• **RECORDED INFORMATION**:
Content starts
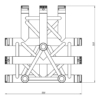 Deze FORTEX FX33-T51 is een 5-weg T-stuk. De truss wordt gekoppeld door middel van een conische koppelingen welke compatible is binnen de Eurotruss range. De hoofdbuizen hebben een doorsnede van 50 mm en een wanddikte van 2 mm, de spijlen zijn 20 bij 2 mm dik.
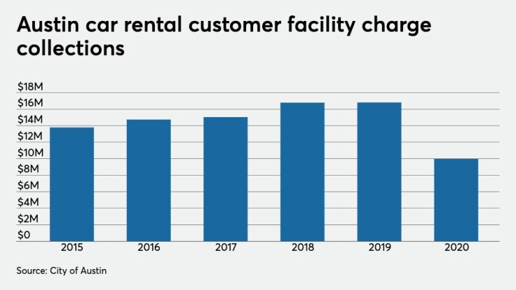 Austin’s customer facilities charges, levied per day on car rentals, rose this year to $8.50 per day from $5.95 in 2020. City officials are aiming to lower that CFC through this bond transaction.
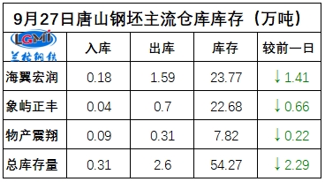 9月27日唐山钢坯库存总量下降2万余吨
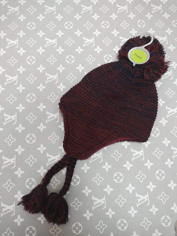 Новая шапка с косами, с помпоном на 3-6 лет. Цвет бордо меланж. Подойдёт как мальчику, так и девочке.Цвет и модель универсальные, унисекс. Замеры на фото.
Content ends
• **ASSIGNMENT**:
Each line of the material is to be output exactly. Images are not part of the expected output.

• **WRITTEN ANSWER**:
 Deze FORTEX FX33-T51 is een 5-weg T-stuk. De truss wordt gekoppeld door middel van een conische koppelingen welke compatible is binnen de Eurotruss range. De hoofdbuizen hebben een doorsnede van 50 mm en een wanddikte van 2 mm, de spijlen zijn 20 bij 2 mm dik.
 Austin’s customer facilities charges, levied per day on car rentals, rose this year to $8.50 per day from $5.95 in 2020. City officials are aiming to lower that CFC through this bond transaction.
 9月27日唐山钢坯库存总量下降2万余吨
 Новая шапка с косами, с помпоном на 3-6 лет. Цвет бордо меланж. Подойдёт как мальчику, так и девочке.Цвет и модель универсальные, унисекс. Замеры на фото.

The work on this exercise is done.